這兩個名字他聽過,但從未見過其人,龍壢熙有隱衛三十七名,在上次的白虎事件中,損失了六名,其餘的皆埋伏在宮裡,近日,文師父又為他挑選二十六名武功高強的江湖人士,在王府、在暗地保護,大家都在防範皇后再次下手。
「你不跟我回京?」他勾起右眉,懷疑睨她一眼,在文師父的交代下,謹言成為他的貼身護衛,他走到哪裡、她跟到哪兒。
「今日是謹言雙親祭日……謹言要告假一日。」她低頭回應。
「是嗎?知道了。」他沒多置喙,捏捏茵雅的手,上馬前在她耳畔說:「等我,後日下朝,我立刻趕過來。」
茵雅擠出笑容,對壢熙揮揮手。
壢熙上馬,一扯韁繩,馬匹快步奔馳,他轉身,看見茵雅圈起嘴,對自己說話,他聽不見聲音,只看見她的唇形發出三個音節的字句。

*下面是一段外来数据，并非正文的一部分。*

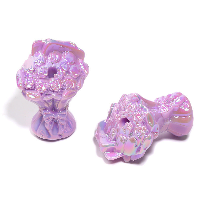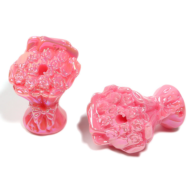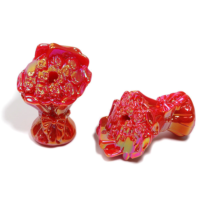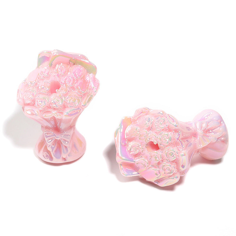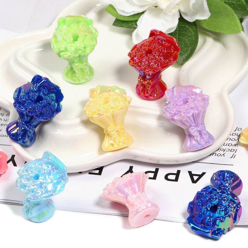 Wholesale 100pcs UV plated color bow hand bouquet vertical hole beaded solid color rose bouquet acrylic beads diy jewelry accessories
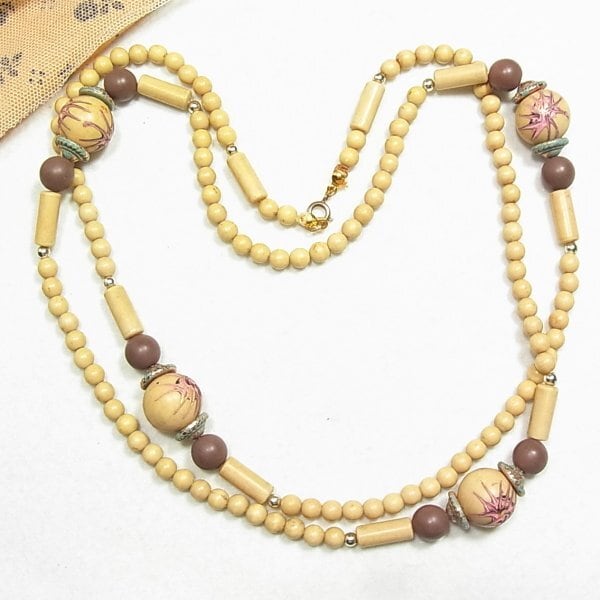 ●1980s ●木製のビーズ製ロングネックレス 金色メタル金具 103cm 二回巻きで良い長さになります きれいです ◆年代は当店の推定です。 ◆この商品は、古い時代のビンテージアイテムです。
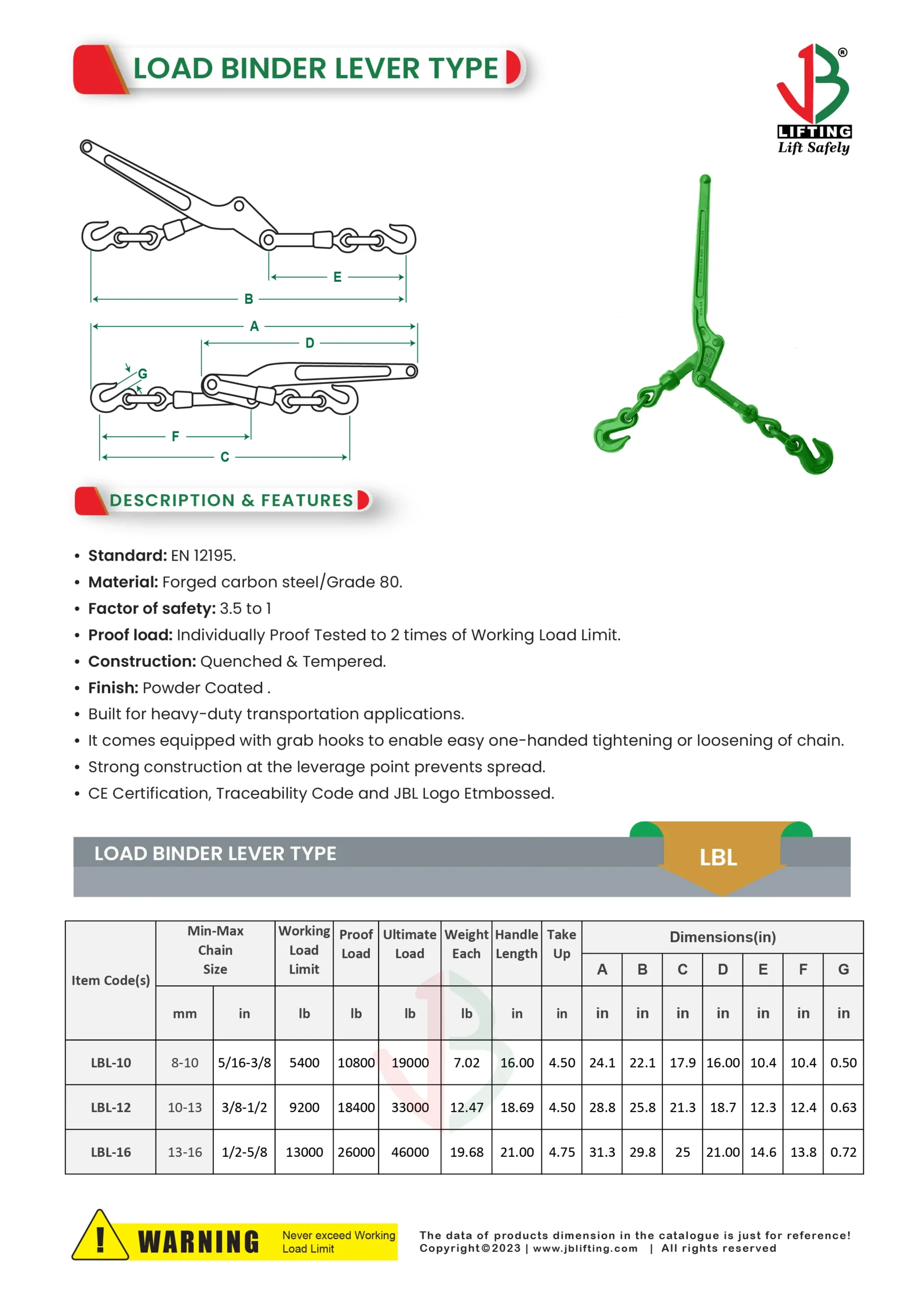 - Proof Load Tested: Each load binder is individually proof tested to 2 times the working load limit, ensuring compliance with safety standards and peace of mind during use.
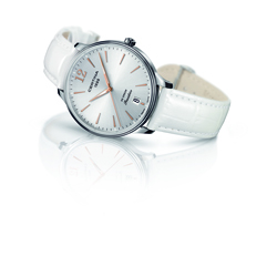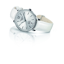 • белый ремешок имеет версия с серебристым циферблатом, метками и стрелками с PVD-покрытием розовым золотом и версия с серебристым циферблатом, чёрными никелированными стрелками и метками, 120 бриллиантами «Top Wesselton» по безелю;
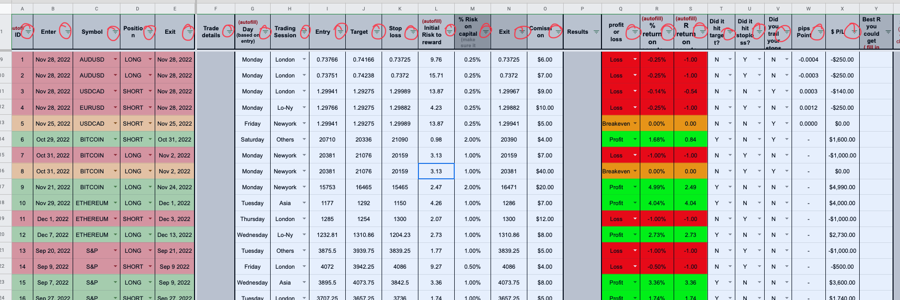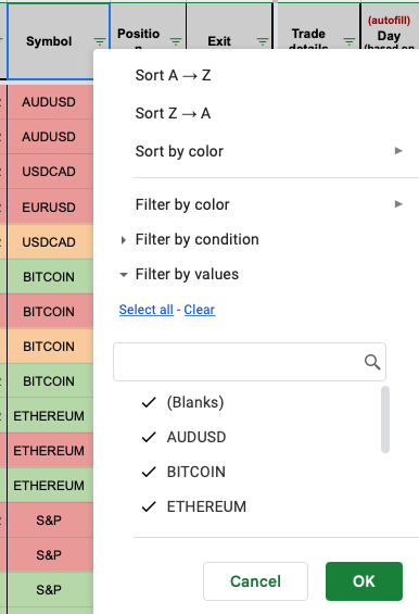You can use this trick to filter based on whatever you like. for example you can click on the "position" column and filter based on only Long trade or Short trades. you can select the "Did you trail your stoploss" column and only see the trades that have the "Y" or "N" value.

本想策馬回頭,問清楚她說什麼,但看著她倚在門前的模樣,他笑了。家……這才是真正的家,一個有心愛女子等待他回來的家。
送走壢熙,茵雅回到屋裡,從櫃子中拿出包袱,將夾在書冊裡的信拿出來,輕輕放在桌上,用硯台壓住信封一角,露出信封上頭的字跡——「壢熙:lLoveYou」。
再環顧一回這屋子,這個壢熙處處用心的屋子。
吞下哽咽,她雖然傷心,可打死不願洩露出一絲絲、一分分。
因她遍尋不著傷心的道理。被一個偉岸男人看重、愛憐,她不該傷心;被他專心呵寵,她更不該傷心;他救下她,為她送走滿房妻妾,為她造房蓋屋、允諾她永世不變……這一生,他給了她這麼多,而她所能為他做的,也只有——從此往後的恩斷情絕,永生不見。

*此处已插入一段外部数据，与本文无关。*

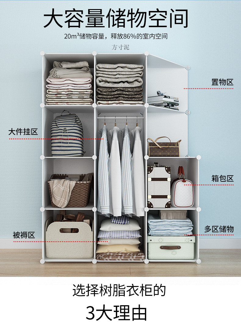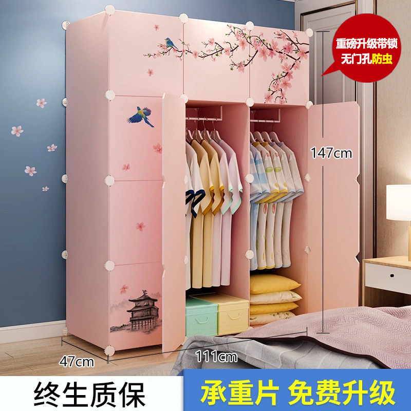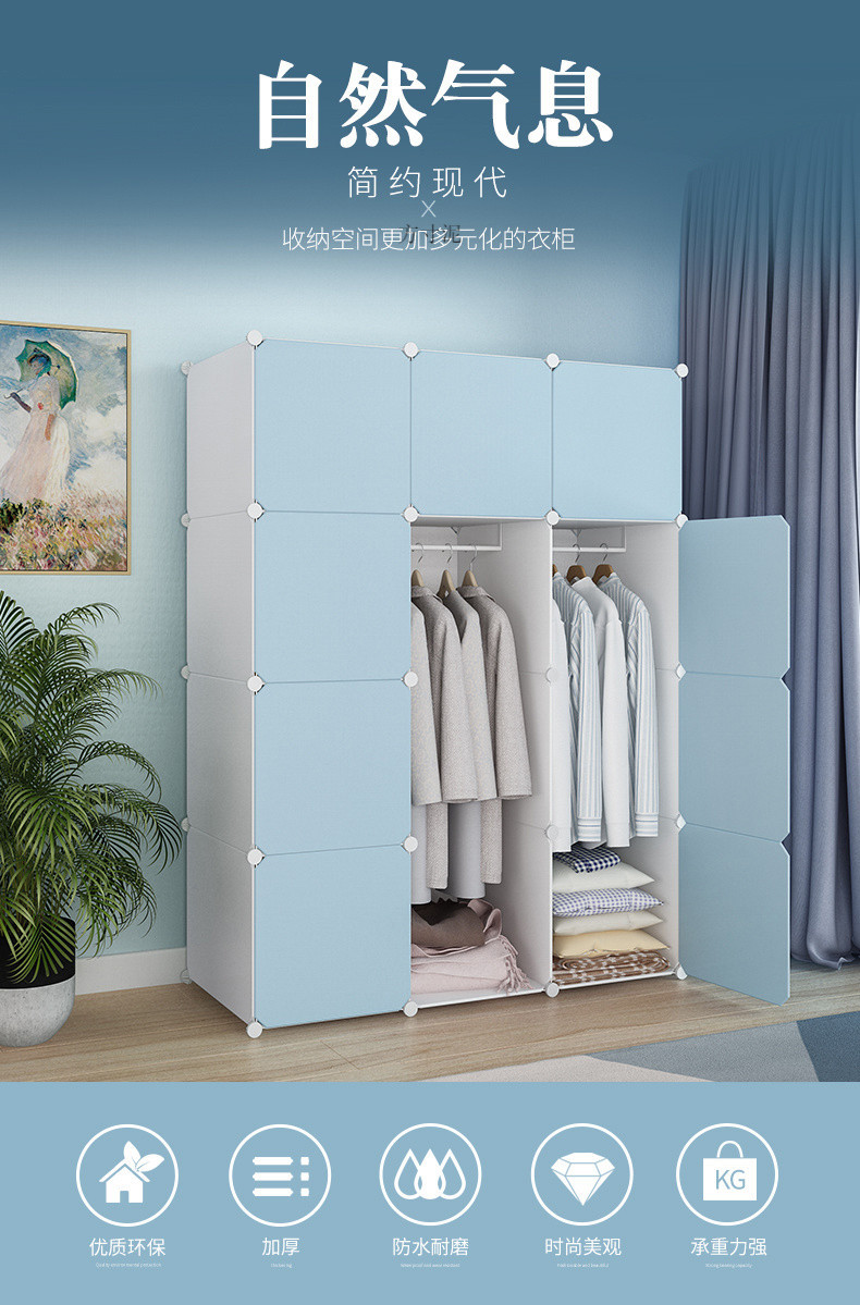 옷장 임대 방 간단한 옷장 침실 가구 플라스틱 옷감 강화 옷 캐비닛 2024 강한 아이들

她沒有半點遲疑,她是心甘情願的,甘願為他生、為他死,甘願為他的幸福退讓千百步;她甘願不做阻礙他的小石子,甘願為他的未來虔心祝福,即使他成了萬乘之尊那日,她不是他身邊的女子。
甘願,千百個甘願,只是呵……求求老天,他一定、一定要幸福……
拭去悄然滑下的淚水,她對站在一旁的謹言說:「走吧。」
謹言點頭,朱唇幾度欲啟,卻又在最後關頭緊閉,她真的很想問夫人:會後悔嗎?
在壢熙眼底沒有陸茵雅的時候,她的回答是「春蠶到死絲方盡,蠟炬成灰淚始干」,而今,她遍享他的專心愛戀,她還能尋出其他答案?

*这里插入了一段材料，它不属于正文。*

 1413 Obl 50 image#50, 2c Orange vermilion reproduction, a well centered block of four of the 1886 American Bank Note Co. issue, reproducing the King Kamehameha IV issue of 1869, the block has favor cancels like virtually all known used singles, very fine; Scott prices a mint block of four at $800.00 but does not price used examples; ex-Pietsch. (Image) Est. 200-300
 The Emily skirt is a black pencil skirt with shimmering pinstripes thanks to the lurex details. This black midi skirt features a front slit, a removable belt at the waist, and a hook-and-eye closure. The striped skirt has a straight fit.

兩人先後跨出屋子,可未出庭院,早先被茵雅支開的端風、立羽竟然擋在前頭,不讓她們再往前一步。
謹言凝目。「你們這是做什麼?」
「我們奉王爺之命,保護王妃。」端風擋在謹言面前,準備必要時與謹言動手。
幸虧銀月發覺王妃神色怪怪的,及時報信,否則他們要真的聽從命令去了溫室搬花,再回來時,怕熙雅小築早已人去樓空。
「需要我再分析一回眼前的情勢給你聽嗎?王爺需要陸家相助,可聯姻不成……」
立羽搶下她的話。「你口中的情勢,是文師父和公孫先生所評估出,並非王爺的判斷。」相較之下,他更相信自己的王爺。
「倘若王爺能夠做出正確的判斷,我們何需如此?」謹言硬聲相抗。
「或許王爺自有解決之道。」
「王爺的解決之道?便是像眼前這般,四下散播謠言,讓天底下百姓誤以為王爺有斷袖之癖?」
若不是尊卑之分在心底深烙,她真想嗤之以鼻,王爺千般好、萬般好,獨獨碰上王妃,所有理智便消失得無影無蹤,她不認為王爺不明白,就算謠言傳得沸沸揚揚、滿城盡知又如何,誰都改變不了聖旨。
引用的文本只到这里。